▸ Problem description: Here is the task for the listing below: output exactly the lines from the one containing "und ein Acrylständer." through the one containing "[P08] Patul de", and leave out the pictures.

▸ Material provided:
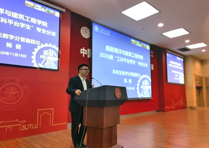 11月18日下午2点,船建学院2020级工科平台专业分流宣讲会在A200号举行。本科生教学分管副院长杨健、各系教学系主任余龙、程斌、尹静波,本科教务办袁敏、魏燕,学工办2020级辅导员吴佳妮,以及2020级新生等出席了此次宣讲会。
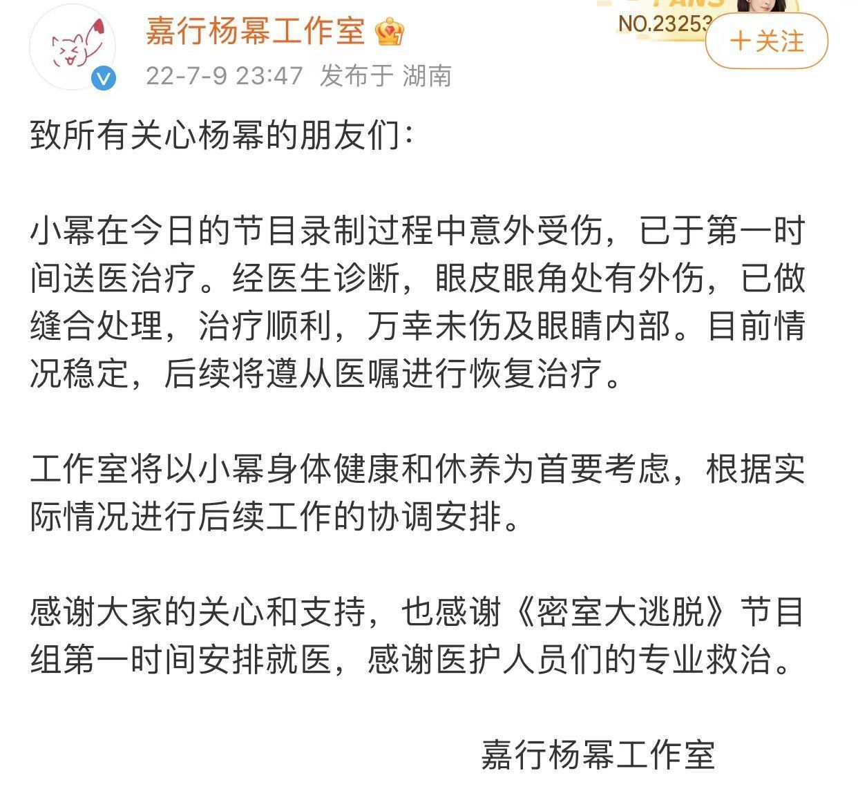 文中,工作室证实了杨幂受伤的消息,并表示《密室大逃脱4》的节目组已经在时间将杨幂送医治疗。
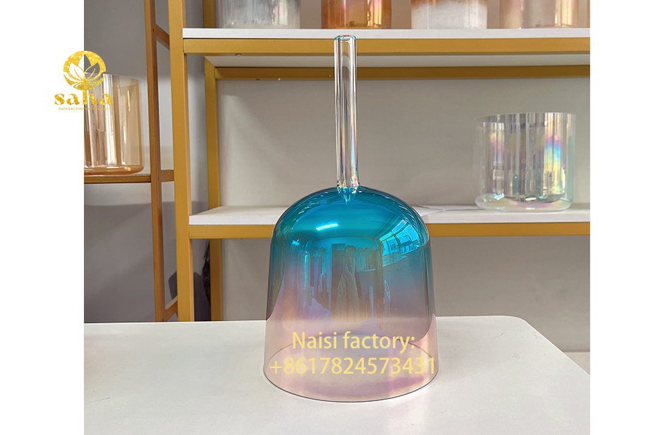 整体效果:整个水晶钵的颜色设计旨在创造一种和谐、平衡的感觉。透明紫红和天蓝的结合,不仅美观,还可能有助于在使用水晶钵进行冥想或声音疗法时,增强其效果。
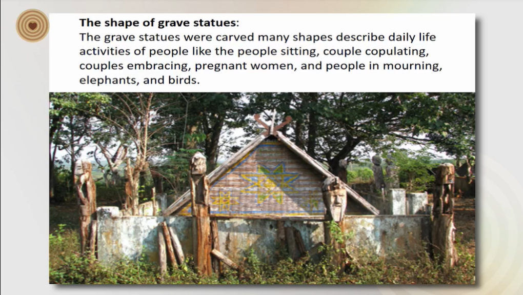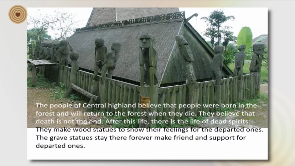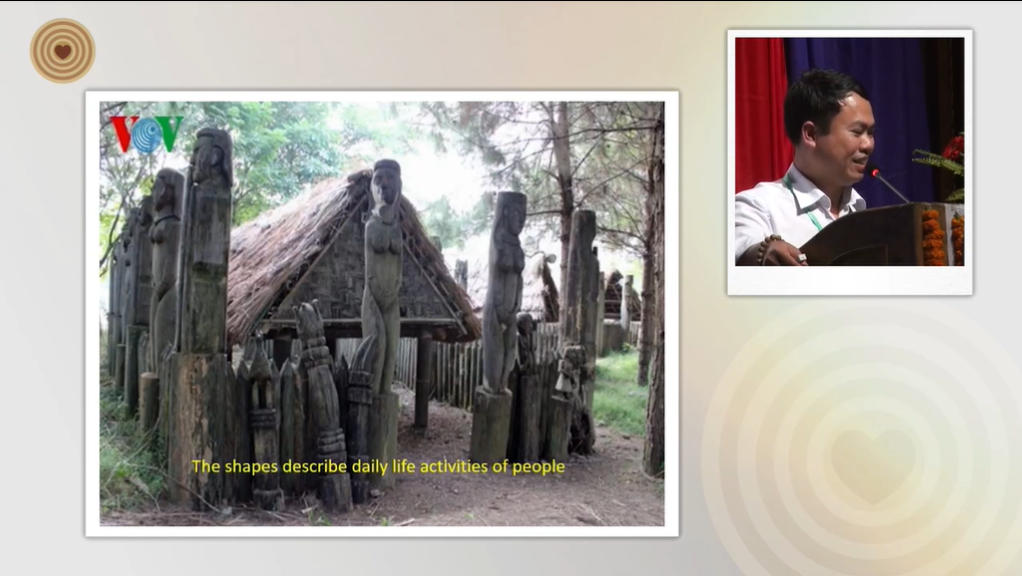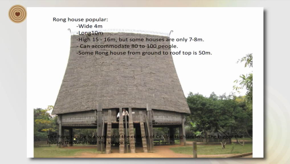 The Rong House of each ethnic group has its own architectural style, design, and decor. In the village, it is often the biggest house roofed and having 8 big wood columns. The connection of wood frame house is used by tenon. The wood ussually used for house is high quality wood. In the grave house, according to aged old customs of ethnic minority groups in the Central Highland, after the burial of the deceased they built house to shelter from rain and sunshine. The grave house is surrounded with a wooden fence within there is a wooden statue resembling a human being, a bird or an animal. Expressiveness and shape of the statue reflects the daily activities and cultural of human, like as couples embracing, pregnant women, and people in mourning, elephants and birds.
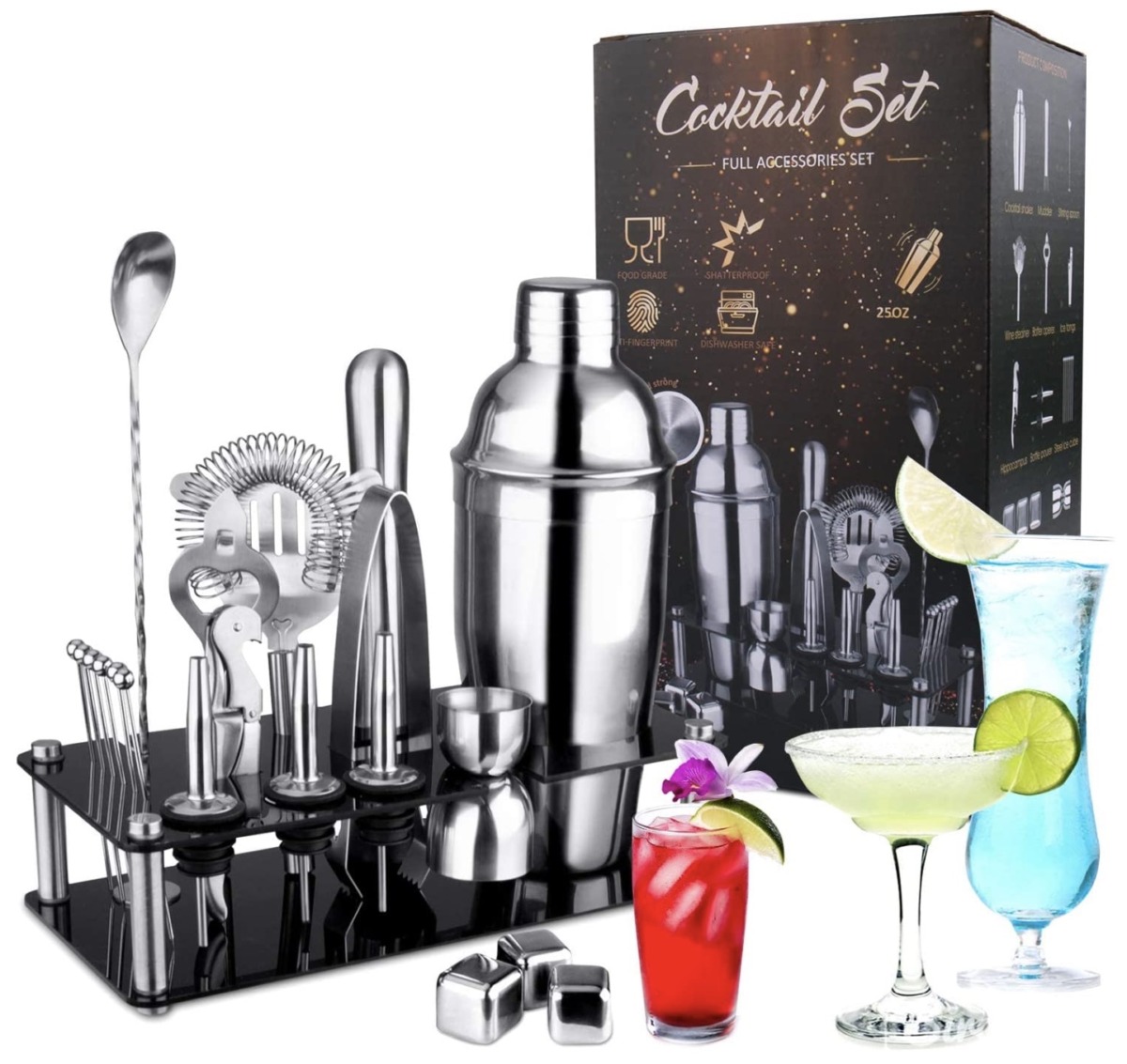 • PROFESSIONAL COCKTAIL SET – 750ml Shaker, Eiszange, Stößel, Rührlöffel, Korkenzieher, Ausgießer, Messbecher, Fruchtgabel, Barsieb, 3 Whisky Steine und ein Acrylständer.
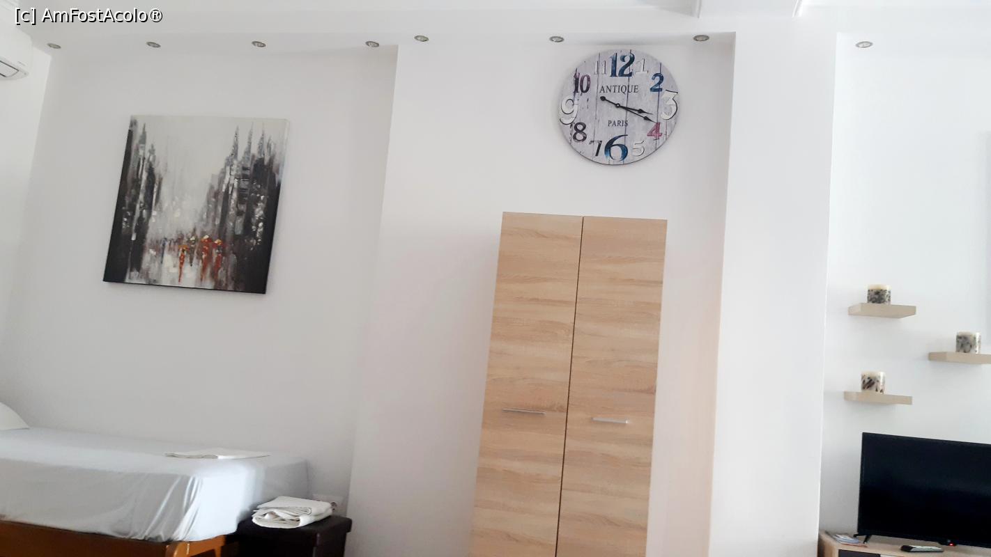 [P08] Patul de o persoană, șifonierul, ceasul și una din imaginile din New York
--
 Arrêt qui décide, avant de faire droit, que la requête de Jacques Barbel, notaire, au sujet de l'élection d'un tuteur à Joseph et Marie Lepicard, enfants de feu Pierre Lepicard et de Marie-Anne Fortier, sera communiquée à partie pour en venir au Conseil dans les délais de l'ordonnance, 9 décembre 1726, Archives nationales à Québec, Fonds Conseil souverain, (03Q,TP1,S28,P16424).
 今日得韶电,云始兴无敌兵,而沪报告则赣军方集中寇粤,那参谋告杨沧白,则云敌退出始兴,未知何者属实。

▸ Answer to the exercise:
 • PROFESSIONAL COCKTAIL SET – 750ml Shaker, Eiszange, Stößel, Rührlöffel, Korkenzieher, Ausgießer, Messbecher, Fruchtgabel, Barsieb, 3 Whisky Steine und ein Acrylständer.
 [P08] Patul de o persoană, șifonierul, ceasul și una din imaginile din New York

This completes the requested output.